WHAT IS EXPECTED: The lines below, from the one containing "Dracaena trifasciata is" through the one containing "3. أضيفي الباذنجان،", should be set down exactly, with no pictures and nothing else.

DATASET ENTRIES:
········

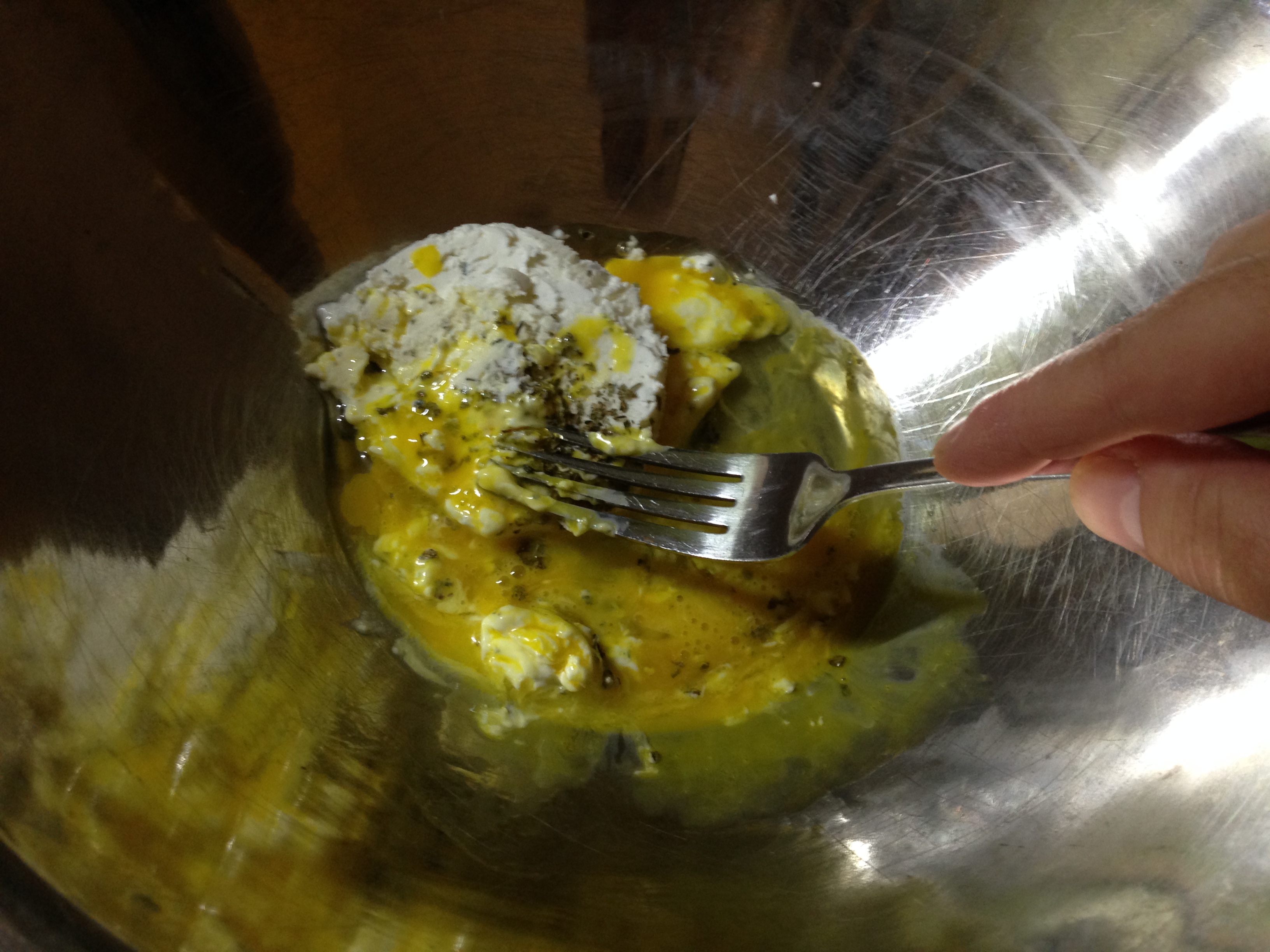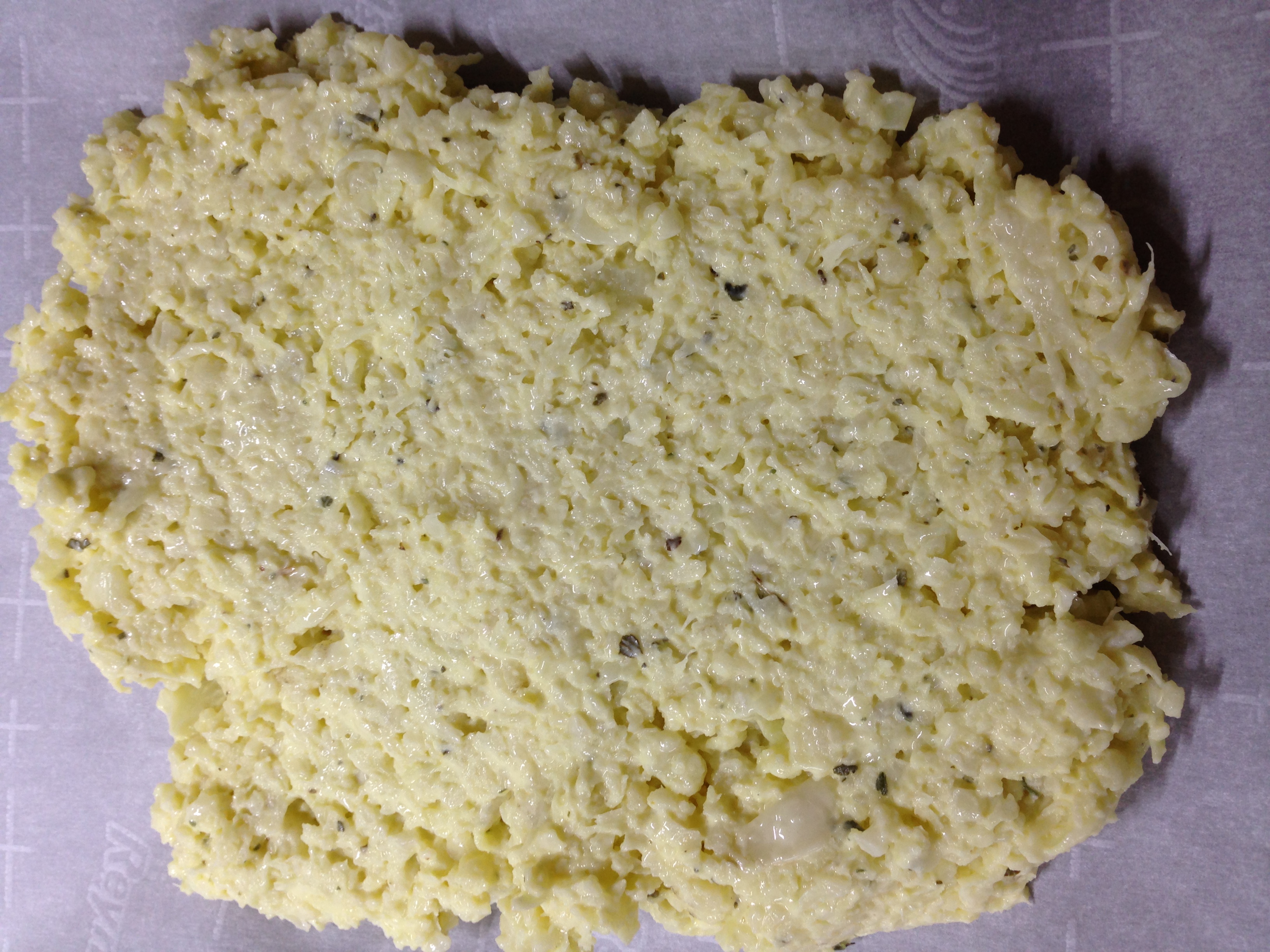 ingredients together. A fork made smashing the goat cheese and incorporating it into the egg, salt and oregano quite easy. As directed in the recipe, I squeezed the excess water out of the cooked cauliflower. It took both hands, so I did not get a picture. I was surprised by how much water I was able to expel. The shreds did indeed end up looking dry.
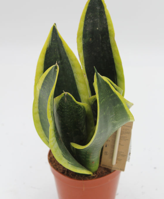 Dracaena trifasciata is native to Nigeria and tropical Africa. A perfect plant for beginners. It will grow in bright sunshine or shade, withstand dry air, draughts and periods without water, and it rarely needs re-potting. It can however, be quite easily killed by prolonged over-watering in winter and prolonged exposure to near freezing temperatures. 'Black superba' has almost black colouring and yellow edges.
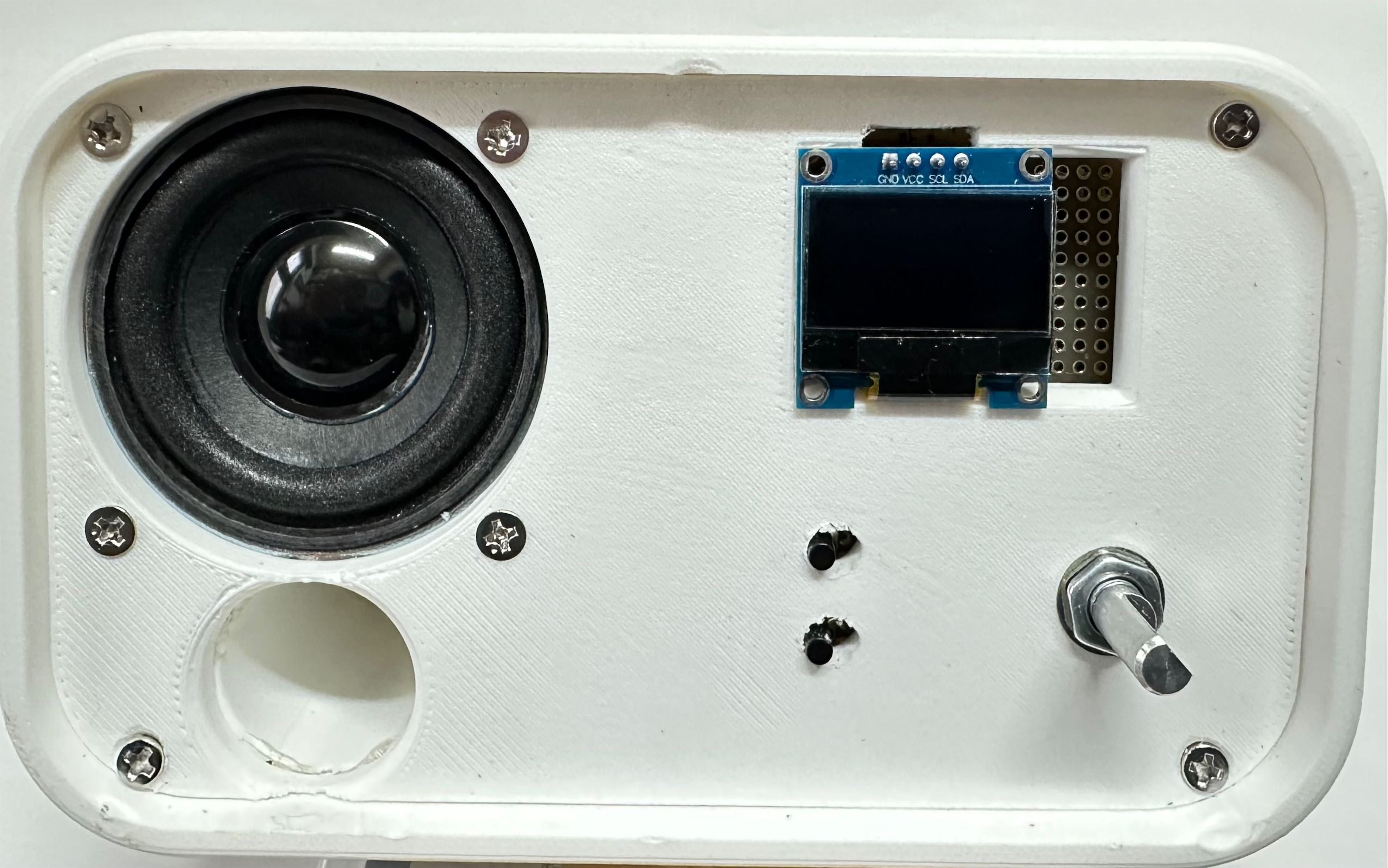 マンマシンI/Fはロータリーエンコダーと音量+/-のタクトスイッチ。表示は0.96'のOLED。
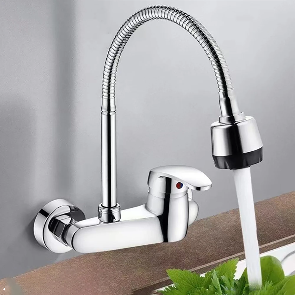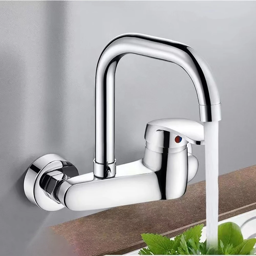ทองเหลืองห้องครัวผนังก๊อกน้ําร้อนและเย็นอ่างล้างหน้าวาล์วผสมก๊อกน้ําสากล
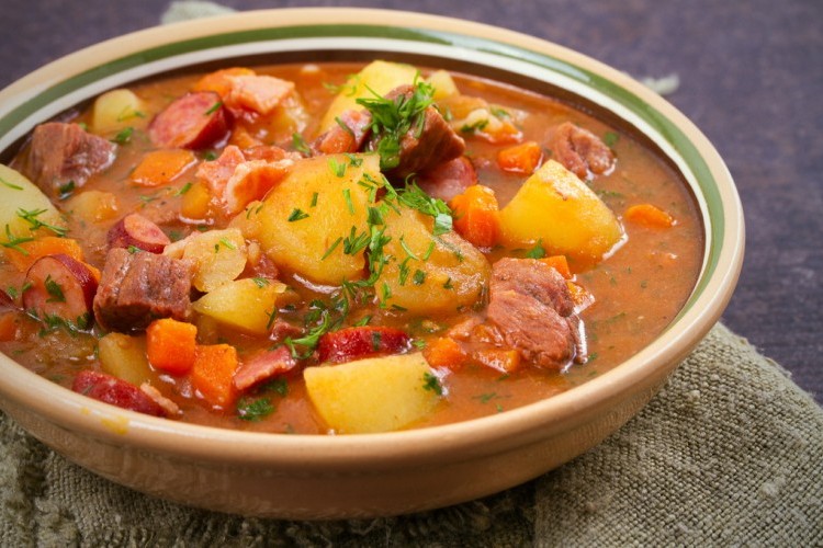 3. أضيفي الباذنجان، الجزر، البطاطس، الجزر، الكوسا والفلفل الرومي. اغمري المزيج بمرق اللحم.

········

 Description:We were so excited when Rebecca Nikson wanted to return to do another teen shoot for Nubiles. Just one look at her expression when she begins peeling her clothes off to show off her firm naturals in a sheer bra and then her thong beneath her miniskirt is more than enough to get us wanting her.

········

RESULT OF THIS TASK:
 Dracaena trifasciata is native to Nigeria and tropical Africa. A perfect plant for beginners. It will grow in bright sunshine or shade, withstand dry air, draughts and periods without water, and it rarely needs re-potting. It can however, be quite easily killed by prolonged over-watering in winter and prolonged exposure to near freezing temperatures. 'Black superba' has almost black colouring and yellow edges.
 マンマシンI/Fはロータリーエンコダーと音量+/-のタクトスイッチ。表示は0.96'のOLED。
ทองเหลืองห้องครัวผนังก๊อกน้ําร้อนและเย็นอ่างล้างหน้าวาล์วผสมก๊อกน้ําสากล
 3. أضيفي الباذنجان، الجزر، البطاطس، الجزر، الكوسا والفلفل الرومي. اغمري المزيج بمرق اللحم.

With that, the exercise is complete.